所以目前我正试图解决这个问题:首先我删除了所有my_lists,其中'action_z'的数量大于'action_a'的数量或者没有'action_a'的数量。然后我做到了:

indices_a = [i for i, x in enumerate(my_list) if x == "action_a"]
indices_z = [i for i, x in enumerate(my_list) if x == "action_z"]

if(len(indices_z)<1):
    for i_a,x_a in enumerate(indices_a):
        if (i_a+1 != len(indices_a)):
            indices_z.append(indices_a[i_a+1]-1) 
        else: indices_z.append(len(my_list)-1) 
else:       
    for i_a,x_a in enumerate(indices_a):
        if (i_a+1 != len(indices_a)):
            if (indices_z[i_a] > indices_a[i_a+1] ):
                indices_z.insert(i_a, indices_a[i_a+1]-1)
        else:  indices_z.append(len(my_list)-1) 

res=[]
for i,j in zip(indices_a, indices_z):
    res.append(my_list[i:j+1] )

好像很有效。有什么更好的方法?

6 个答案:

答案 0 :(得分:4)

我试图简化一些事情并提出这个逻辑:

result = []
curr_list = None

for item in my_list:
    if item == 'action_a':
        if curr_list is not None:
            # Only append is there is content
            result.append(curr_list)
        # Create a new list
        curr_list = []

    try:
        # Try to append the current item
        curr_list.append(item)

        if item == 'action_z':
            # Close the current list but don't initialize 
            # a new one until we encounter action_a
            result.append(curr_list)
            curr_list = None
    except AttributeError:
        # This means we haven't encountered action_a yet
        # Just ignore and move on
        pass

if curr_list is not None:
    # Append an "open" list if there is one
    result.append(curr_list)

for item in result:
    print(item)

结果:

['action_a', 'action_b', 'action_c', 'action_z']
['action_a', 'action_b']
['action_a', 'action_b', 'action_z']

答案 1 :(得分:3)

遵守规则:

  • 以a:开始新列表,除非最后一个为空并添加一个
  • 以z结尾:添加到上一个列表,然后开始新列表
  • else:添加到上一个列表,除非它是空的

请注意,如果从wait()代码中删除了action_z,则可以自行添加and sublists[-1]列表。

z

会打印:

sublists=[[]]
for li in my_list:
    if li[-1]=='a':
        if sublists[-1]:
            sublists.append([li])
        else:
            sublists[-1].append(li)
    elif li[-1]=='z' and sublists[-1]:
        sublists[-1].append(li)
        sublists.append([])
    elif sublists[-1]:
        sublists[-1].append(li)

if not sublists[-1]:
   sublists.pop()
如果需要,

[['action_a', 'action_b', 'action_c', 'action_z'], ['action_a', 'action_b'], ['action_a', 'action_b']] 始终可以替换为li[-1]=="[letter]"

答案 2 :(得分:1)

这个问题基于意见。但是,如果功能适用于你的优雅概念,我建议使用某种分区算法,如分组或分区。

这种高阶函数有不同的样式,但基本思想很简单,你得到一个流或元素列表,你提供一个函数,告诉算法一个元素是否应该被认为是一个元素新列表开始(我称之为分区点)。我个人认为在数据结构中添加一层嵌套看起来更干净。即你创建一个获取列表的函数,它返回一个列表列表。

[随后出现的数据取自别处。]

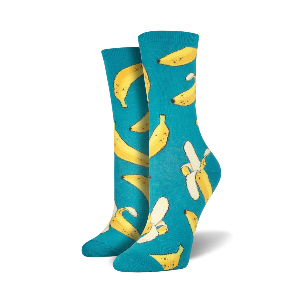 You'll go bananas over these crazy, cool socks. If you love America's favorite fruit as much as everyone else does, these funny women's novelty crew socks will have you feeling extra fruity! Each awesome pair features yellow bananas-peeled and unpeeled- printed all over on an eye-pleasing teal background. Get these cool socks now- you're feet will thank you for all the extra potassium.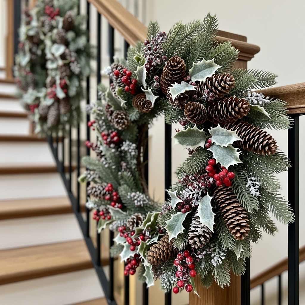 Drape your railings or staircase posts with enchanting winter wreaths woven from pinecones, holly berries, and lightly frosted greenery. Each detail breathes a sense of nature’s quiet elegance, blending rustic texture with festive grace.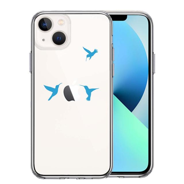 iPhone13mini ケース クリアハチドリ ブルー スマホケース 側面ソフト 背面ハード ハイブリッド

# function that defines the start of a new sequence
def partition_begin(photo_action):
    return photo_action is 'action_a'

# function that defines the end of a new sequence
def partition_end(photo_action):
    return photo_action is 'action_z'

# get a list of elements and define a starting and stopping function
# and return a list of lists separated by start and stop.
def partition_by(elements, partition_separator, partition_terminator):
    partitioned_stream = []
    for element in elements:
        if partition_separator(element):
            # start a new list and append it to the stream.
            partitioned_stream.append([element])
            continue
        if partition_terminator(element):
            # add element to the last sequence, but start a new list. 
            partitioned_stream[-1].append(element)
            partitioned_stream.append([])
            continue
        # standard append to list.
        partitioned_stream[-1].append(element)
    return partitioned_stream


my_list = [
      'action_a', 'action_b', 'action_c', 'action_z',
      'action_j',
      'action_a','action_b',
      'action_a', 'action_b', 'action_z']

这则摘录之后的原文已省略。